- WHAT IS BEING ASKED:
Repeat, word for word, all the data that follows, and exclude the pictures.

- DATA SHOWN:
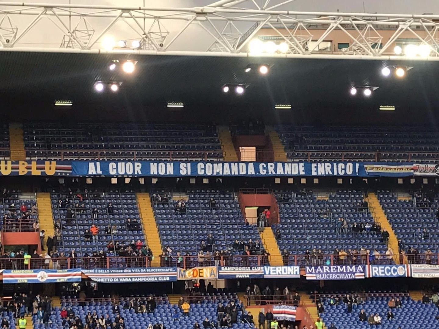 Quest’oggi, in occasione di Sampdoria-Pescara, i tifosi presenti al ‘Ferraris’ hanno voluto omaggiare con uno striscione Nicolini – presente tra l’altro in tribuna -. “Al cuor non si comanda. Grande Enrico!“, si legge sugli spalti. Un bel gesto, segnale di un legame profondo: quello tra Enrico Nicolini e la ‘sua’ Sampdoria.
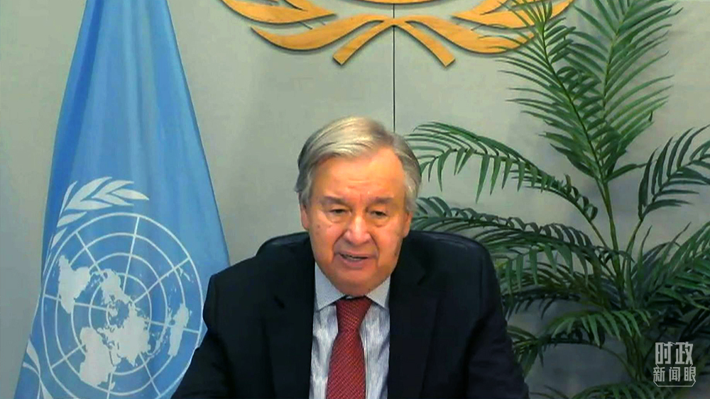 △联合国秘书长古特雷斯通过视频方式发表致辞。
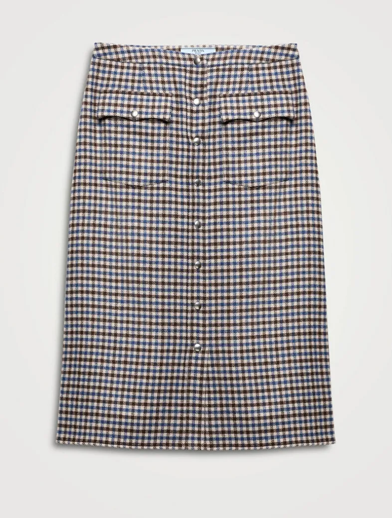 Pencil silhouette Front snap closure Patch pockets with snaps

- RESPONSE FOR THIS EXERCISE:
 Quest’oggi, in occasione di Sampdoria-Pescara, i tifosi presenti al ‘Ferraris’ hanno voluto omaggiare con uno striscione Nicolini – presente tra l’altro in tribuna -. “Al cuor non si comanda. Grande Enrico!“, si legge sugli spalti. Un bel gesto, segnale di un legame profondo: quello tra Enrico Nicolini e la ‘sua’ Sampdoria.
 △联合国秘书长古特雷斯通过视频方式发表致辞。
 Pencil silhouette Front snap closure Patch pockets with snaps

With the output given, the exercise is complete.